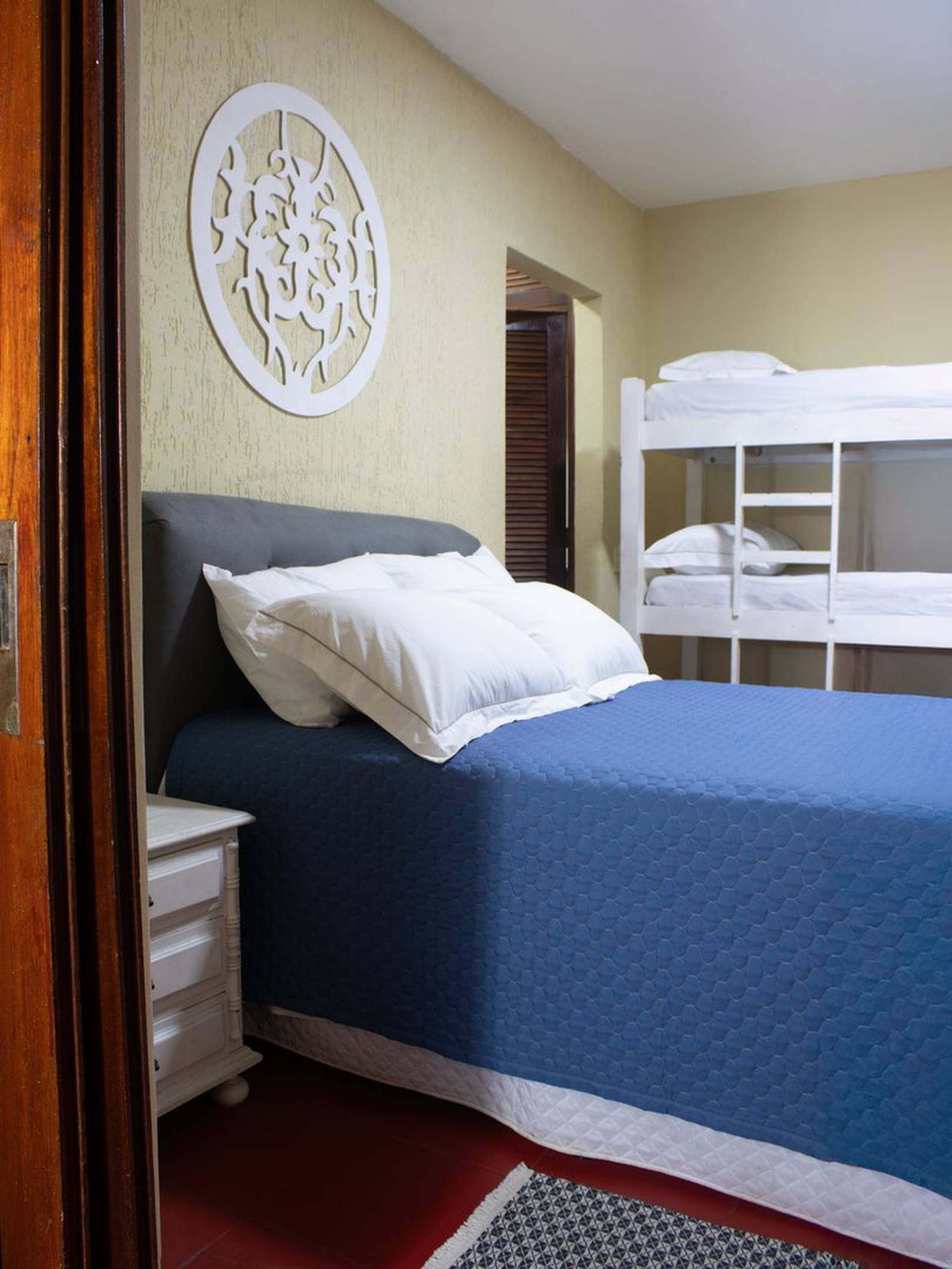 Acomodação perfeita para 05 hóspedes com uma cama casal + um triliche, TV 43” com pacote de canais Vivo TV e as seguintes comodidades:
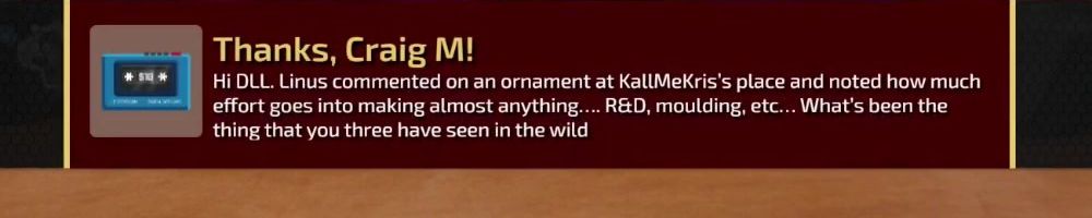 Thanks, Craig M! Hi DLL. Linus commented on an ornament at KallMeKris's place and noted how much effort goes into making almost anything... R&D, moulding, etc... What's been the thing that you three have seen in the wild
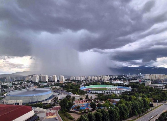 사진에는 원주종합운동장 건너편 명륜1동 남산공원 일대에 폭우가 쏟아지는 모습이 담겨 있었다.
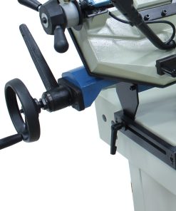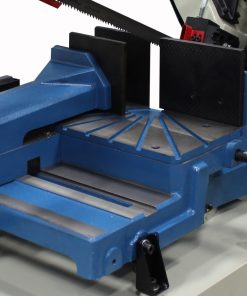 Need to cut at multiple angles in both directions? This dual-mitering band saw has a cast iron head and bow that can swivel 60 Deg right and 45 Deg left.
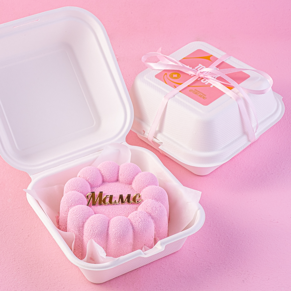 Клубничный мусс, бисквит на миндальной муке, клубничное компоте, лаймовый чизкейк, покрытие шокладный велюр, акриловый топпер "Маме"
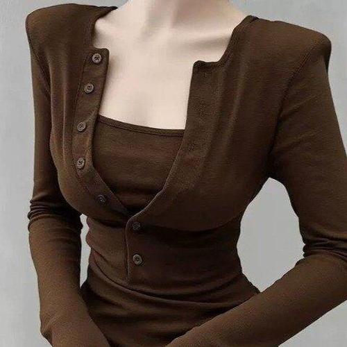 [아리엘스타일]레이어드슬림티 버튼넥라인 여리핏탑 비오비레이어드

◆ **What to work on**
Find the line that contains "사진에는 원주종합운동장 건너편" and repeat it, along with every line after it to the end of the data, exactly; drop the pictures.

◆ **Answer box**
 사진에는 원주종합운동장 건너편 명륜1동 남산공원 일대에 폭우가 쏟아지는 모습이 담겨 있었다.
 Need to cut at multiple angles in both directions? This dual-mitering band saw has a cast iron head and bow that can swivel 60 Deg right and 45 Deg left.
 Клубничный мусс, бисквит на миндальной муке, клубничное компоте, лаймовый чизкейк, покрытие шокладный велюр, акриловый топпер "Маме"
 [아리엘스타일]레이어드슬림티 버튼넥라인 여리핏탑 비오비레이어드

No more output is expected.